A vacinação por injeção intraperitoneal (IP) é o método de maior eficácia para tilápias acima de 5 g. A aplicação é feita com seringas automáticas de fluxo contínuo, o que agiliza o processo e reduz a variação de dose entre animais.

  • Manter o peixe úmido durante toda a aplicação — não expor à superfície por mais de 30 segundos sem retornar à água;
  • Inserir a agulha na linha ventral, entre as nadadeiras pélvicas e o ânus, com angulação de 30–45°;
  • Volume padrão IP: 0,1 mL para peixes de 10–30 g; 0,2–0,5 mL para peixes maiores (conforme bula do produto);
  • Usar luvas úmidas — a mão seca remove o muco e abre porta de entrada para patógenos oportunistas;
  • Evitar pressão excessiva sobre o abdômen durante a contenção.

Controle de volume e descamação: Manuseio brusco, redes com malha inadequada ou excesso de peixes por caixa causam atrito e descamação — feridas abertas são as principais portas de entrada para fungos (Saprolegnia spp.) e bactérias oportunistas. Trabalhe com redes de malha fina, movimentos lentos e densidade compatível com o espaço disponível.

 

Agulhas e seringas: o ponto crítico mais ignorado

A qualidade do material de aplicação é diretamente responsável pelo sucesso ou fracasso da vacinação.
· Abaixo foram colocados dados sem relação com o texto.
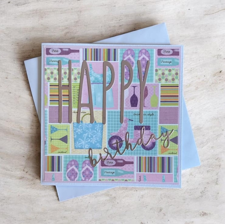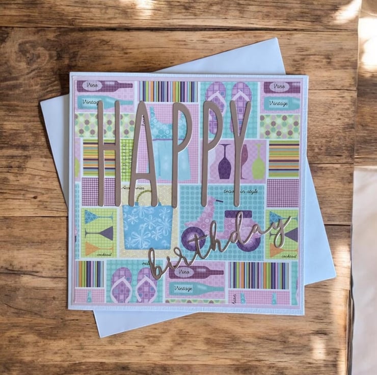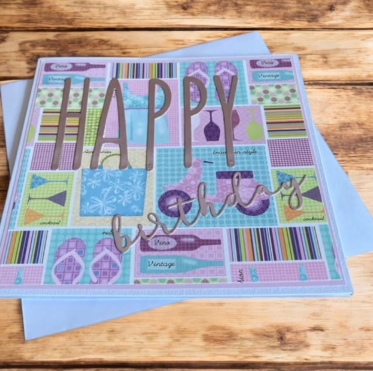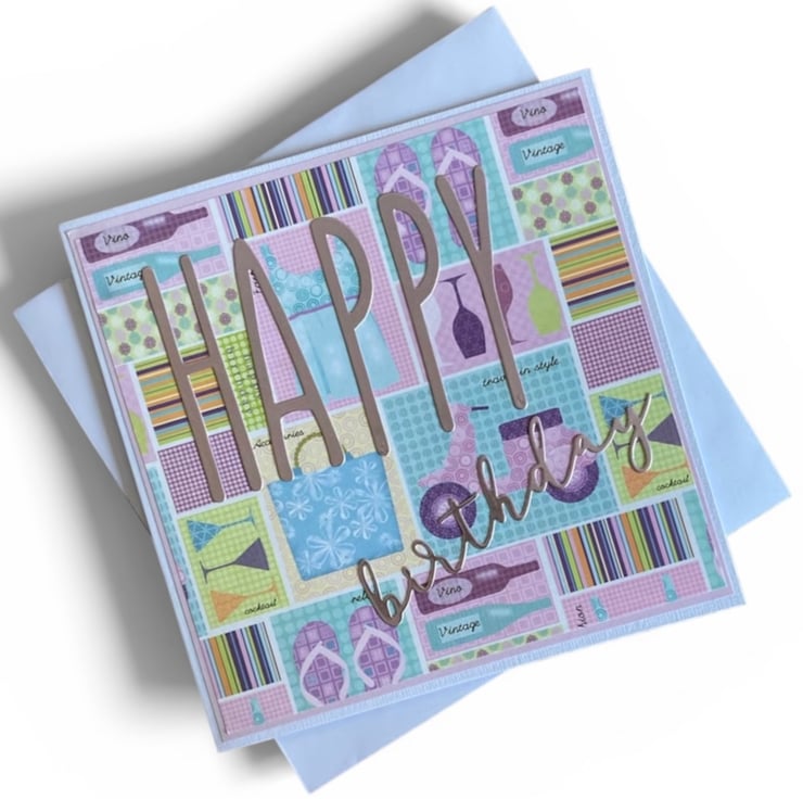 Celebrate someone special with this vibrant, handmade birthday card featuring a playful patchwork of pastel patterns and stylish cocktail-inspired designs.

Agulhas de calibre incorreto, desgastadas ou utilizadas além do seu volume útil são, na prática, a maior causa de lesão vacinal e mortalidade pós-procedimento — superando até mesmo erros de técnica de aplicação.

 

Calibre e troca de agulhas

  • Utilizar agulhas do calibre adequado ao tamanho dos peixes — agulhas grossas causam lacerações; finas demais obstruem e geram pressão excessiva;
  • Cada agulha possui um volume útil de eficiência — ao atingir esse limite, o fio de corte se desgasta, a ponta fica romba e cada aplicação passa a causar trauma desnecessário;
  • Respeitar rigorosamente o número máximo de animais por agulha indicado pelo fabricante;
  • Sinais de troca imediata: resistência maior ao penetrar, sangramento excessivo ou dobramento da ponta;
  • Nunca reutilizar agulhas entre lotes diferentes — risco de contaminação cruzada.

 

Manutenção das seringas automáticas

  • Ao final de cada lote vacinado, desmontar e lavar a seringa com água destilada ou solução salina estéril;
  • Verificar vedações e molas regularmente — seringas com vazamento entregam dose inconsistente;
  • Armazenar as seringas desmontadas e secas após cada jornada de vacinação;
  • Realizar manutenção preventiva periódica conforme orientação do fabricante.

 

Mesa vacinal e ambiente de trabalho

  • Ao final de cada lote, realizar desinfecção completa da mesa vacinal com hipoclorito ou álcool 70%;
  • Manter panos umedecidos na bancada para limpeza externa da seringa durante o uso;
  • Nunca apoiar agulhas diretamente sobre a mesa — utilizar suporte ou protetor entre as aplicações;
  • Organizar o fluxo de trabalho de forma que peixes vacinados não retornem à área de captura.

 

Descarte correto de agulhas

  • Agulhas usadas devem ser descartadas em coletor de resíduos perfurocortantes (caixa amarela) — nunca em lixo comum;
  • O descarte inadequado representa risco de acidente para a equipe e infração sanitária;
  • Contabilizar e registrar o número de agulhas utilizadas por lote para controle de qualidade e rastreabilidade.

 

Atenção: Agulha romba não é apenas ineficiente — é agressiva. Ela dilacera tecido em vez de penetrá-lo, abre feridas maiores e amplia o risco de infecção secundária por fungos e bactérias. A troca oportuna de agulhas é custo de produção, não desperdício.